[INPUT MATERIAL Boundary: Start]

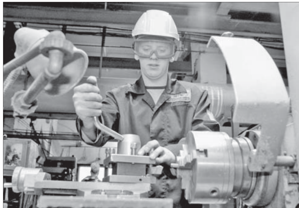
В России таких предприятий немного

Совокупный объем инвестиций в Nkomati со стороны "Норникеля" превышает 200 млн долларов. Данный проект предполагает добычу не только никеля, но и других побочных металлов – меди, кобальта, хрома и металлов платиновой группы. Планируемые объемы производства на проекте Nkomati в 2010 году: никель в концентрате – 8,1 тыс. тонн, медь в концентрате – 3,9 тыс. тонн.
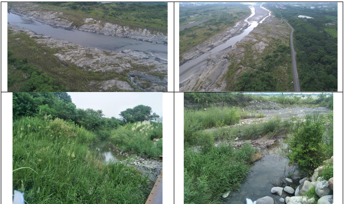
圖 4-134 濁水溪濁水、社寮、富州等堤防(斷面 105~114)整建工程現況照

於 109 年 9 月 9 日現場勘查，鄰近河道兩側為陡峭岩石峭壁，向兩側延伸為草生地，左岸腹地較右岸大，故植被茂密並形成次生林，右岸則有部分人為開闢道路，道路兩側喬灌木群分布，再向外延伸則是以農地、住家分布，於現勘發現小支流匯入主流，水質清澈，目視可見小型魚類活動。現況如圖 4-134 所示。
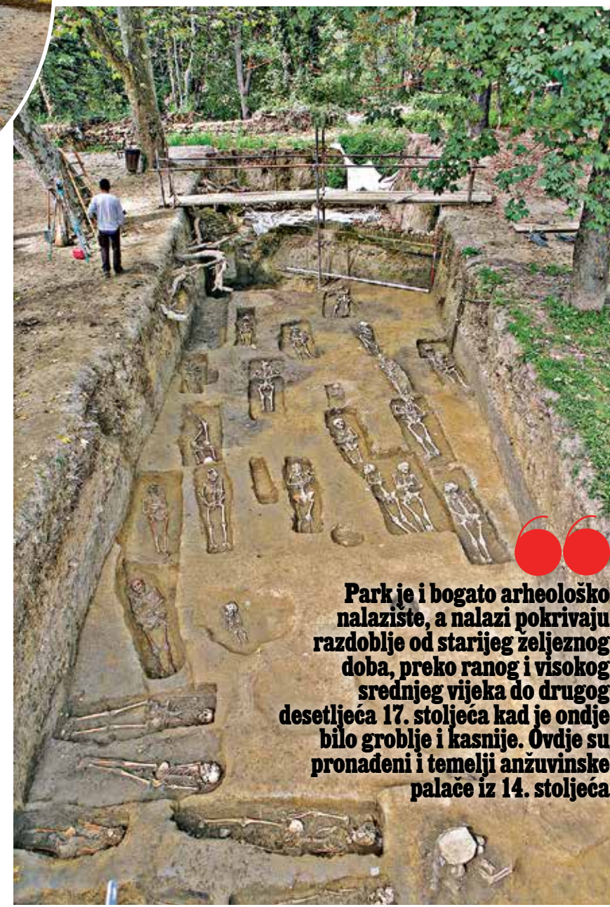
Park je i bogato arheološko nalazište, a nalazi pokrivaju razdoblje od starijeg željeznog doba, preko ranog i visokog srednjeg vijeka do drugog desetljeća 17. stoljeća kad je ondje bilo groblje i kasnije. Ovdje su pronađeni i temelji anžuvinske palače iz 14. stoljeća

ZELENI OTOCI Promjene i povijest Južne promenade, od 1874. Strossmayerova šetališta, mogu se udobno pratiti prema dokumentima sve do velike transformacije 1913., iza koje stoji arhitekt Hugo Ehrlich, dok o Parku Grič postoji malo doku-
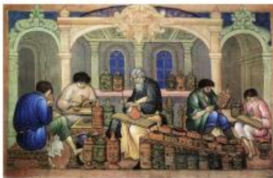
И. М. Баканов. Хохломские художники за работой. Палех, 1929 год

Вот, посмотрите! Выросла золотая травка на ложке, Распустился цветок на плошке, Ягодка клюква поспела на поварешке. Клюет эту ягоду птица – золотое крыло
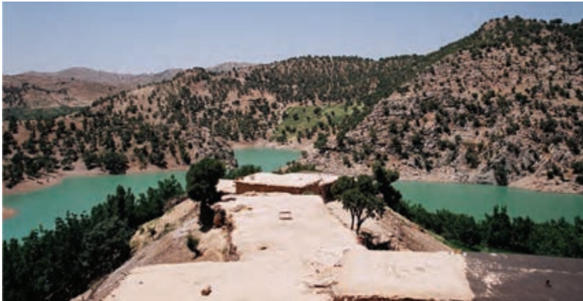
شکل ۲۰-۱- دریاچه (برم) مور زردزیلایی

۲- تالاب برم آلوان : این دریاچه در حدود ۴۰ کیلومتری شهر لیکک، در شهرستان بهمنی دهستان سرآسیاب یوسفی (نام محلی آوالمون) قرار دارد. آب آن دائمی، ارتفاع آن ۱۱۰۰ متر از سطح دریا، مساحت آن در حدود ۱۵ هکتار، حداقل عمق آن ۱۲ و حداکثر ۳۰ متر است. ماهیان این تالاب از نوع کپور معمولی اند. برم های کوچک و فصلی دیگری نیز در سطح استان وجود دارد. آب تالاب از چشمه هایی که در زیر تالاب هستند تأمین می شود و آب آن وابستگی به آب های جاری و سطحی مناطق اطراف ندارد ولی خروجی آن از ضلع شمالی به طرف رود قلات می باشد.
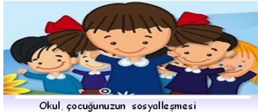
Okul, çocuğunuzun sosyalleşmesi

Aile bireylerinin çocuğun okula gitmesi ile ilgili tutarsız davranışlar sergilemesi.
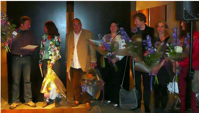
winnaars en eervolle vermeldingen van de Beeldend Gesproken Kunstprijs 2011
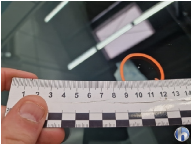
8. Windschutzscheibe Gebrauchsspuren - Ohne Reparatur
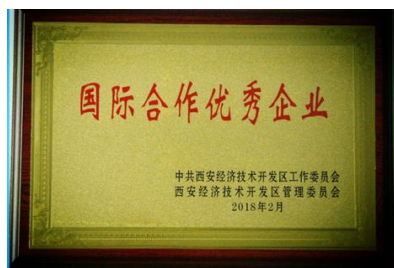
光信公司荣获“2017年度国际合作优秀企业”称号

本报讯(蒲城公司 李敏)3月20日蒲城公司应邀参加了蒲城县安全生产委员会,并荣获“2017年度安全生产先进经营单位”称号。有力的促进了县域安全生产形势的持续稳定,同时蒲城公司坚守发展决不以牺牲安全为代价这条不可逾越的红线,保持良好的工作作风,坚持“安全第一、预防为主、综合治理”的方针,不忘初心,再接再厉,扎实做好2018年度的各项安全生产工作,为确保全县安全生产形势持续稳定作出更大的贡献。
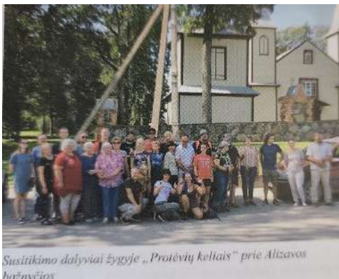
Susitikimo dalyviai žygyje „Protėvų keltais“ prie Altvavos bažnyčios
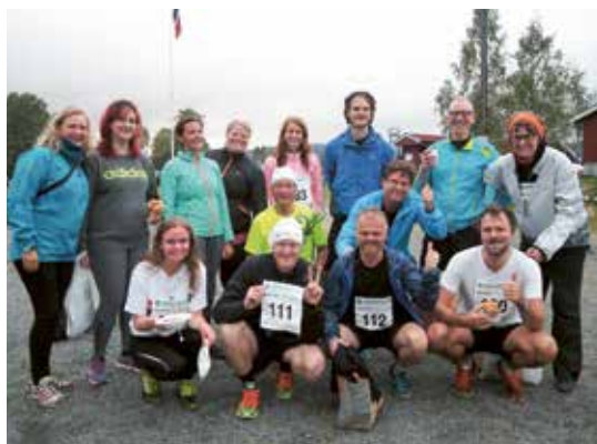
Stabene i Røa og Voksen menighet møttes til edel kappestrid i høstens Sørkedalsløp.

[INPUT MATERIAL Boundary: End]
[INPUT MATERIAL Boundary: Start]

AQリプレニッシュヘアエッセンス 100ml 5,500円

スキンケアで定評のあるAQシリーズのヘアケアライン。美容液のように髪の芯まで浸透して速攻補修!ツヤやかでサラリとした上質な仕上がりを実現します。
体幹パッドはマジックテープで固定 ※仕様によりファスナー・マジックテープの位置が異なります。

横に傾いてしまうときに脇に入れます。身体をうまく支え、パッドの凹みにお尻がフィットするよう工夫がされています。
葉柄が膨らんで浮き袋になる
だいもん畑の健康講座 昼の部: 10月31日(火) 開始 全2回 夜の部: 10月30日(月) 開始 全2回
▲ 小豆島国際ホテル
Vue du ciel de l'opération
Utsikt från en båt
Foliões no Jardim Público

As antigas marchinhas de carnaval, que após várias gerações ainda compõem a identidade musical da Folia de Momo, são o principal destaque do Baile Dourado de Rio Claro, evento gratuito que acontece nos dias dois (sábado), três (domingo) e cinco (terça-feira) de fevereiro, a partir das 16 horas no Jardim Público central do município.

[INPUT MATERIAL Boundary: End]
[INPUT MATERIAL Boundary: Start]

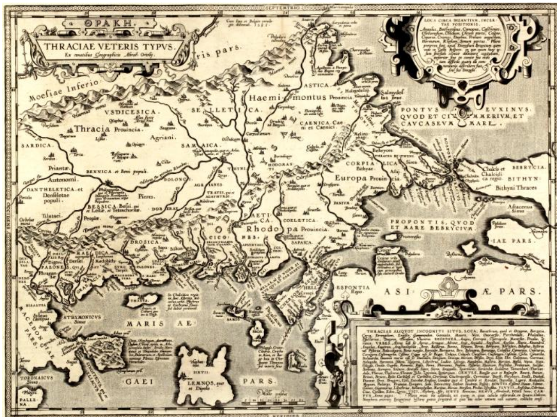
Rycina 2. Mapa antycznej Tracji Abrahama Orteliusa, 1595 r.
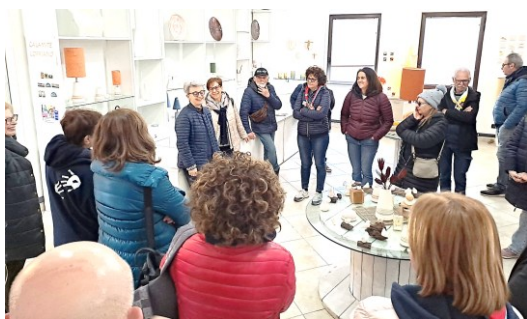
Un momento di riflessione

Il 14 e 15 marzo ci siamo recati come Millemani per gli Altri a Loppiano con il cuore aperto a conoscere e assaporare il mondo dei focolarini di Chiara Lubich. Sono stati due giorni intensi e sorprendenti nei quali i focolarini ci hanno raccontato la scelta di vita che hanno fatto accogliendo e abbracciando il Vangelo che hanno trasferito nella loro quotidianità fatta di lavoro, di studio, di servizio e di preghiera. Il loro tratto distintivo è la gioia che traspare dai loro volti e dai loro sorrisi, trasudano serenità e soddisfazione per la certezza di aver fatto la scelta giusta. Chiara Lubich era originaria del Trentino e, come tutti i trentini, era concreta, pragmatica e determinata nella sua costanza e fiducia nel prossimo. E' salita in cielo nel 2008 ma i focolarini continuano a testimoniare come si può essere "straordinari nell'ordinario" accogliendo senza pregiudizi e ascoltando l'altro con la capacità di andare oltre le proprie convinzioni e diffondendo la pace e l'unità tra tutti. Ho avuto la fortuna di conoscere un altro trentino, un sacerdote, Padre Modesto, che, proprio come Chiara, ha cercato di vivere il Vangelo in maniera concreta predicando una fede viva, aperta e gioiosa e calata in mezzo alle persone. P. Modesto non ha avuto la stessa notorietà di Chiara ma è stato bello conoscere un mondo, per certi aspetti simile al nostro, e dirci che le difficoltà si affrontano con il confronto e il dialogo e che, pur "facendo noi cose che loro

[INPUT MATERIAL Boundary: End]

AIM OF THE EXERCISE:
Print nothing but the lines above starting with the line that contains "В России таких предприятий немного" and going on through the line that contains "於 109 年 9 月". Leave out the pictures.

ANSWER SPACE:
В России таких предприятий немного

Совокупный объем инвестиций в Nkomati со стороны "Норникеля" превышает 200 млн долларов. Данный проект предполагает добычу не только никеля, но и других побочных металлов – меди, кобальта, хрома и металлов платиновой группы. Планируемые объемы производства на проекте Nkomati в 2010 году: никель в концентрате – 8,1 тыс. тонн, медь в концентрате – 3,9 тыс. тонн.
圖 4-134 濁水溪濁水、社寮、富州等堤防(斷面 105~114)整建工程現況照

於 109 年 9 月 9 日現場勘查，鄰近河道兩側為陡峭岩石峭壁，向兩側延伸為草生地，左岸腹地較右岸大，故植被茂密並形成次生林，右岸則有部分人為開闢道路，道路兩側喬灌木群分布，再向外延伸則是以農地、住家分布，於現勘發現小支流匯入主流，水質清澈，目視可見小型魚類活動。現況如圖 4-134 所示。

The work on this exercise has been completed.